Politically and economically free economies overcome this problem largely through competition. It is difficult to exploit workers where companies have to vie for their labor, and their standard of living is raised by technological innovation that increases industrial productivity, despite some initial labor-force displacement. Moreover, in free societies, productivity and purchasing power tend to rise together (though not always in perfect concert.)


But crony capitalism, socialism and communism can distort market incentives and stunt the spread of its benefits across the workforce.


If those doing business in China come to see the Chinese people as a vast, untapped market — and many industries, particularly the automotive industry, are doing that — they will have an incentive to see their purchasing power grow. If not, puny wages and sub-standard working conditions will keep most of the populace poor.


How long Chinese workers would stand for this remains to be seen. The average citizen has no real ability to change the system from within. The government is simply the tool of the Communist Party, which is a pretty clubby bunch that indoctrinates all but doesn’t admit everybody.


So long as there is enough bucolic countryside to satisfy the thin slice of party members and the beneficiaries of their dalliance with capitalism, the only immediate pressure to clean things up will come from other nations. But the international community has been too busy bestowing most-favored-nation status, selling its debt to China and inviting it to sit on security councils and scold their long-standing members.

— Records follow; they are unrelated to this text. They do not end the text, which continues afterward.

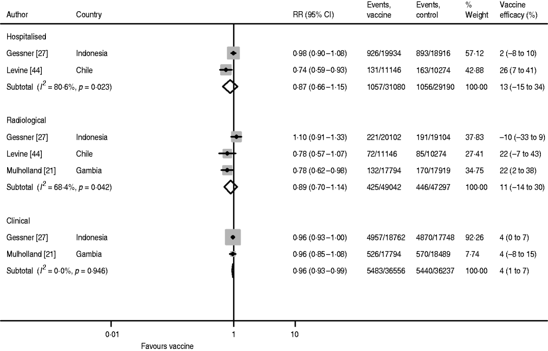 It must be emphasized that the radiological pneumonia outcome measure imposes a large risk of bias due to the many definition problems of reading chest X-rays. This was particularly illustrated in the case-control study from Bangladesh where chest radiographs were taken of 2679 children with clinical pneumonia [Reference Baqui29]. According to per-protocol readings, 17·7% cases were identified as having radiologically confirmed pneumonia. However, when the radiographs were read by a WHO panel, it was concluded that 26·0% were radiologically confirmed, and only 13·2% of cases were radiologically confirmed by both per-protocol readings and WHO readings [Reference Baqui29]. It is thus difficult to determine which estimate to use, and the choice greatly affects the vaccine effectiveness estimate. When using the per-protocol readings, the preventable fraction for radiologically confirmed pneumonia was 17% following at least two doses of Hib vaccine. When the WHO readings were used, the vaccine was associated with 15% protection, and when the subset considered positive by both sets of readings was used the vaccine offered 34% protection [Reference Baqui29].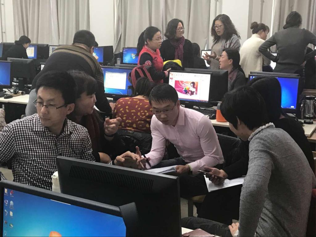 在两期分别为期三天的培训中,参培教师们牺牲休息日到校学校,晚上6、7点还在机房热烈讨论、交流,午间边吃盒饭边学习研究。我校教师们勤学好问,废寝忘食,刻苦努力的精神得到了培训指导教师的赞许。许多没报名的教师也参加了学习,80多人的机房座无虚席。培训中指导教师对微课设计理念、微课制作的基本方法和手段等以实际案例的方式进行了讲解。同时对教学实践中利用APP对学生的学习状态、学习效果以及学生的学习成果评价等的使用方法进行了现场操作演练。参培教师们以团队方式提交了作品成果进行现场展示,指导教师对每一个作品进行了耐心细致的点评和指导。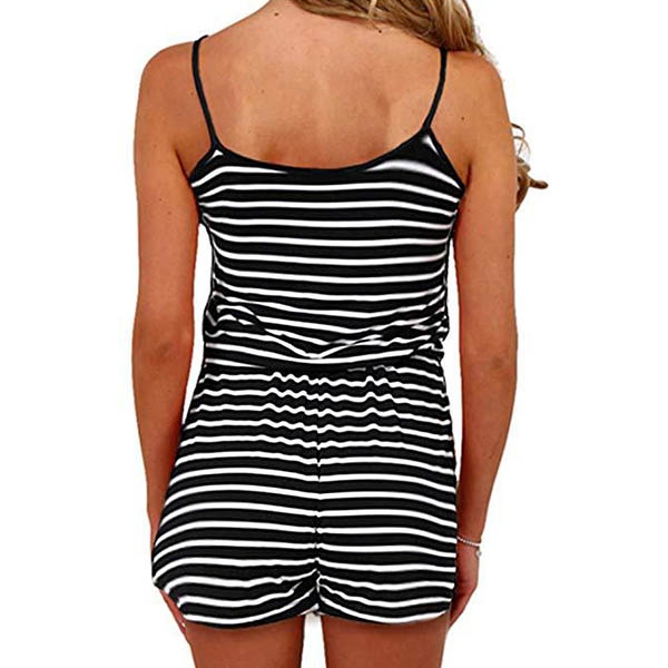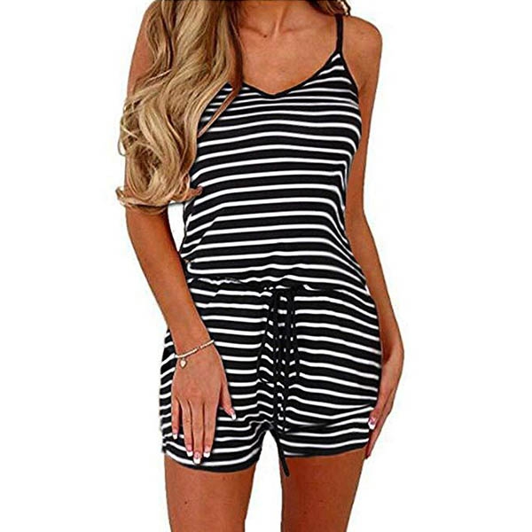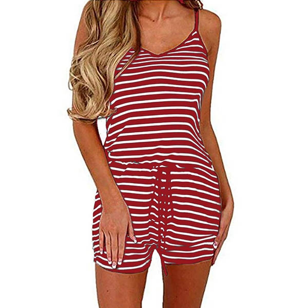 If you like stripe element,then this striped romper can arouse your attention. Sling style,with backless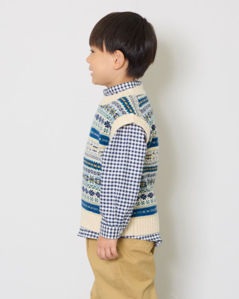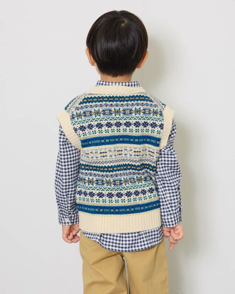 どこか懐かしく温かみのあるフェアアイル柄のニットベストです。 シャツやカットソーとのレイヤードで、寒い季節のコートインにもちょうどいいアイテムです。 ファミリー企画としておそろいの素材感で展開しています。 ボーイズモデル身長: 108 cm 着用サイズ: 110 サイズ ニット (Kids) 同素材のレディースはこちら 同素材のメンズはこちら 家族コーディネートアイテムはこちら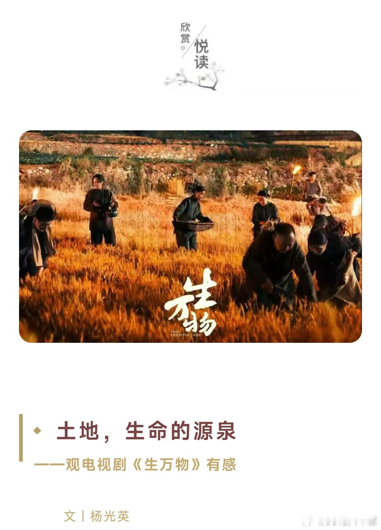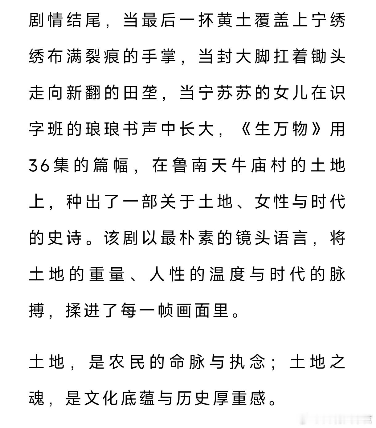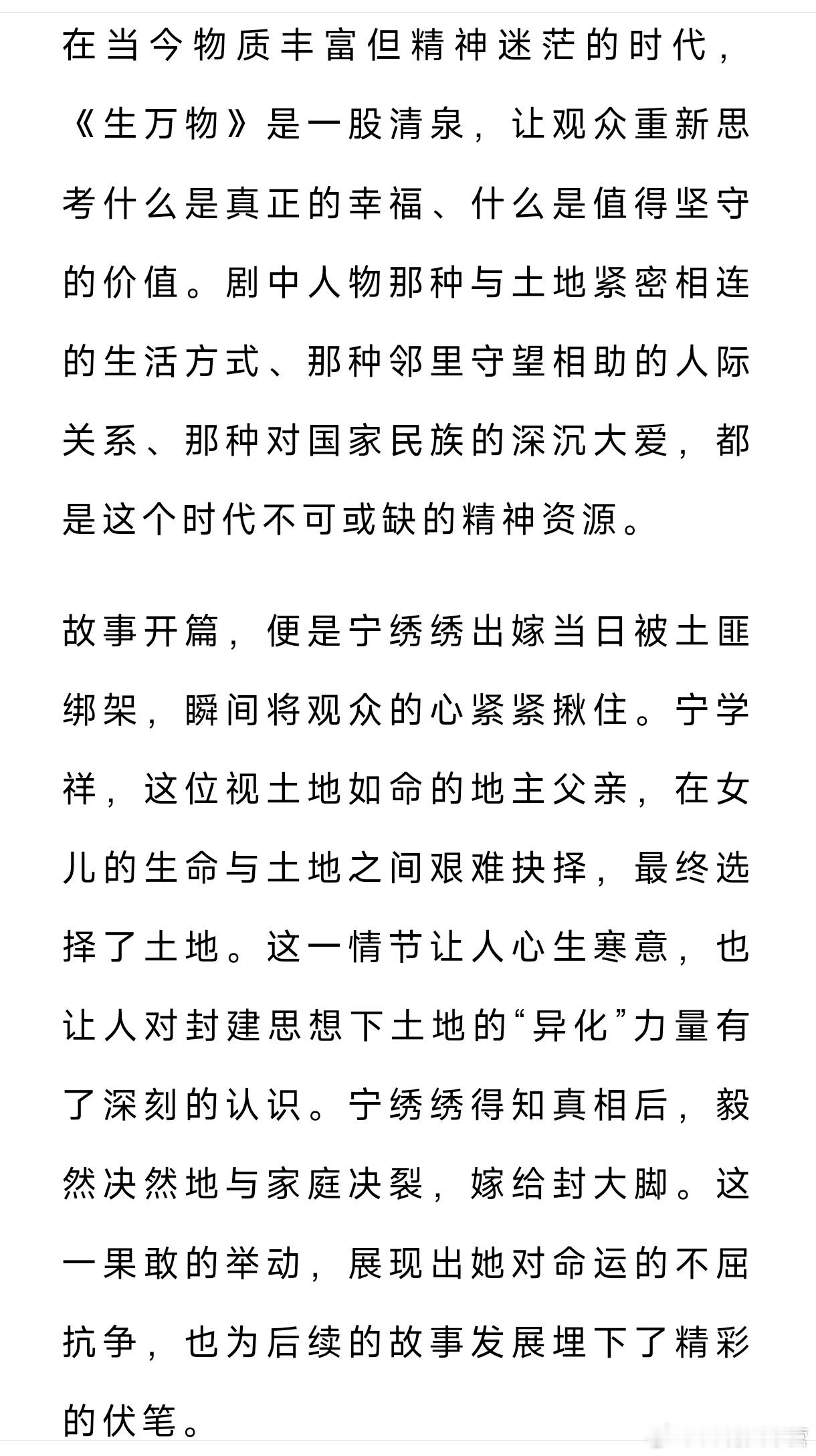 《四川散文》刊登——土地,生命的源泉——观电视剧《生万物》有感在当今物质丰富但精神迷茫的时代,《生万物》是一股清泉,让观众重新思考什么是真正的幸福、什么是值得坚守的价值。剧中人物那种与土地紧密相连的生活方式、那种邻里守望相助的人际关系、那种对国家民族的深沉大爱,都是这个时代不可或缺的精神资源。宁绣绣,从一个养尊处优的地主家小姐,被迫走进田间地头。在生活的磨砺中,她逐渐理解了土地对于农民的意义,更难能可贵的是,她没有被命运打倒,而是积极学习农业知识,帮助邻里改良种植技术,带领妇女们冲破封建思想的牢笼。她就像黑暗中的一盏明灯,不仅照亮了自己前行的道路,也为身边的人带来了希望与力量 。(好剧,大剧,爆剧的待遇生万物杨幂生万物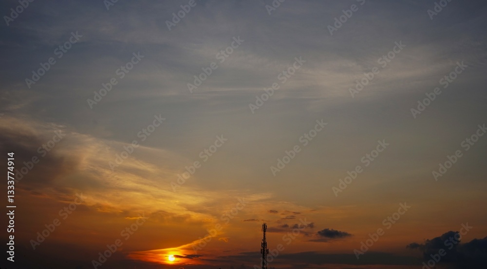 sunset and evening sky with yellow clouds highlighted by the sun, black clouds combined with sunlight create a dramatic sky atmosphere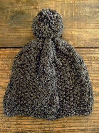 【made in Peru】ケーブル編みボンボンニット帽CC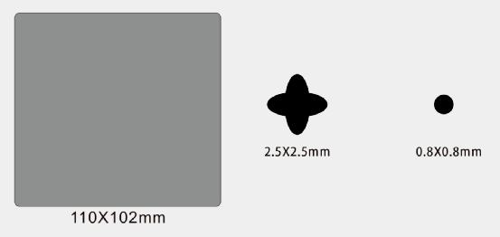 1.此背景为音箱网孔,背景面积110X102mm。基础单元两个,星形和圆形,计划以冲压铝合金成型,因此星形2.5X2.5mm,圆孔0.8X0.8mm保证冲压凸模不断裂,如下图21所示。
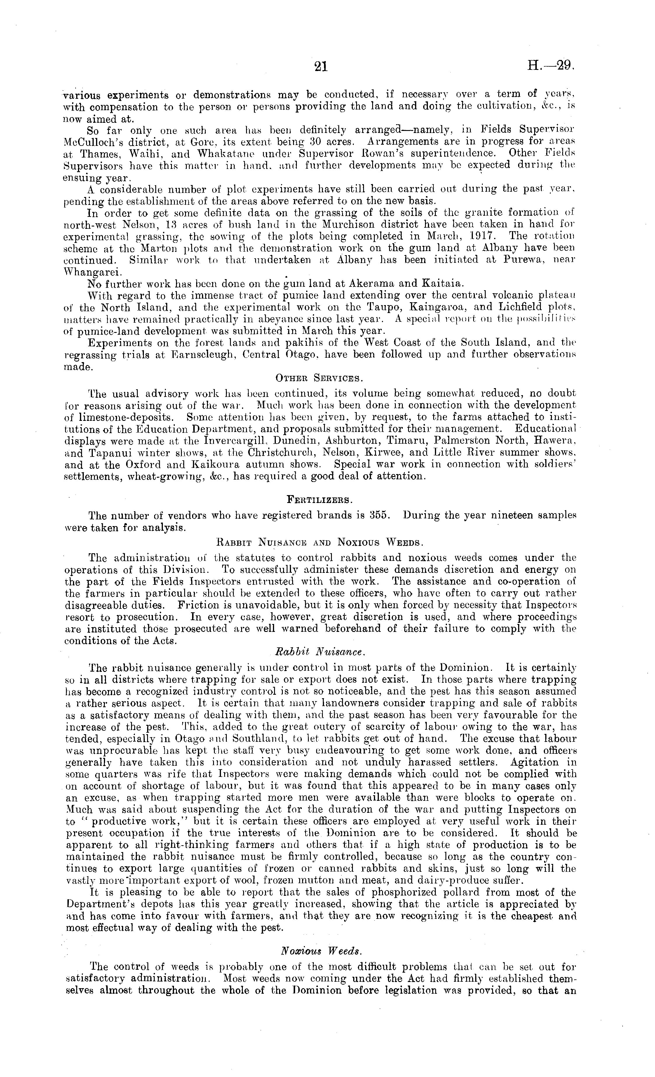 various experiments or demonstrations may be conducted, if necessary over a term of years, with compensation to the person or persons providing the land and doing the cultivation, <fec., is now aimed at. So far only one such area has been definitely arranged—namely, in Fields Supervisor McCulloch's district, at Gore, its extent being 30 acres. Arrangements are in progress for areas at Thames, Waihi, and Whakatane under Supervisor Rowan's superintendence. Other Fields Supervisors have this matter in hand, and further developments may be expected during tinensuing year. A considerable number of plot experiments have still been carried out during the past year, pending the establishment of the areas above referred to on the new basis. In order to get some definite data on the grassing of the soils of the granite formation of north-west Nelson, 13 acres of bush land in the Murchison district have been taken in hand for experimental grassing, the sowing of the plots being completed in March, 1917. The rotation scheme at the Marton plots and the demonstration work on the gum land at Albany have been continued. Similar work to that undertaken at Albany has been initiated at Purewa, near Whangarei. No further work has been done on the gum land at Akerama and Kaitaia. With regard to the immense tract, of pumice land extending over the central volcanic plateau of the North Island, and the experimental work on the Taupo, Kaingaroa, and Lichfield plots, matters have remained practically in abeyance since last year. A special reporl on the possibilities of pumice-land development was submitted in March this year. Experiments on the forest, lands and pakihis of the West Coast of the South Island, and the regrassing trials at Earnscleugh, Central Otago, have been followed up and further observations made. Other Services. The usual advisory work has been continued, its volume being somewhat reduced, no doubt for reasons arising out of the war. Much work has been done in connection with the development of limestone-deposits. Some attention has been given, by request, to the farms attached to institutions of the Education Department, and proposals submitted for their management. Educational displays were made at the InvercargiU, Dunedin, Ashburton, Timaru, Palmerston North, Hawera, and Tapanui winter shows, at the Christchureh, Nelson, Kirwee, and Little River summer shows, and at the Oxford and Kaikoura autumn shows. Special war work in connection with soldiers' settlements, wheat-growing, &c, has required a good deal of attention. Fertilizers. The number of vendors who have registered brands is 355. During the year nineteen samples were taken for analysis. Rabbit Nuisance and Noxious Weeds. The administration of the statutes to control rabbits and noxious weeds comes under the operations of this Division. To successfully administer these demands discretion and energy on the part of the Fields Inspectors entrusted with the work. The assistance and co-operation of the farmers in particular should be extended to these officers, who have often to carry out rather disagreeable duties. Friction is unavoidable, but it is only when forced by necessity that Inspectors resort to prosecution. In every case, however, great discretion is used, and where proceedings are instituted those prosecuted are well warned beforehand of their failure to comply with the conditions of the Acts. Babbit Nuisance. The rabbit nuisance generally is under control in most parts of the Dominion. It is certainly so in all districts where trapping for sale or export does not exist. In those parts where trapping has become a recognized industry control is not so noticeable, and the pest has this season assumed a rather serious aspect. It is certain that many landowners consider trapping and sale of rabbits as a satisfactory means of dealing with them, and the past season has been very favourable for the increase of the pest. This, added to the great outcry of scarcity of labour owing to the war, has tended, especially in Otago and Southland, to let rabbits get out of hand. The excuse that labour was unprocurable has kept the staff very busy endeavouring to get some work done, and officers generally have taken this into consideration and not unduly harassed settlers. Agitation in some quarters was rife that Inspectors were making demands which could not be complied with on account of shortage of labour, but it was found that this appeared to be in many cases only an excuse, as when trapping started more men were available than were blocks to operate on. Much was said about susjjending the Act for the duration of the war and putting Inspectors on to " productive work," but it is certain these officers are employed at very useful work in their present occupation if the true interests of the Dominion are to be considered. It should be apparent to all right-thinking farmers and others that if a high state of production is to be maintained the rabbit nuisance must be firmly controlled, because so long as the country continues to export large quantities of frozen or canned rabbits and skins, just so long will the vastly more'important export of wool, frozen mutton and meat, and dairy-produce suffer. It is pleasing to be able to report that the sales of phosphorized pollard from most of the Department's depots has this year great!)' increased, showing that the article is appreciated by and has come into favour with farmers, ami that they are now recognizing it is the cheapest and most effectual way of dealing with the pest. Noxious Weeds. The control of weeds is probably one of the most difficult problems that can be set out for satisfactory administration. Most weeds now coming under the Act had firmly established themselves almost throughout the whole of the Dominion before legislation was provided, so that an

That means the rank and file might be left to their own devices if the party and its government don’t clean up their acts of their own accord. If it comes to that, my money — sad to say — is on officialdom, which has been amazingly efficient and definitive in its efforts to quash challenges.
 

If you doubt that, stand at the spot in Tiananmen Square where tanks crushed student protesters, and take a deep breath.​

Even in the countryside, near the segment of the Great Wall we visited, it was hard to find fresh air in China.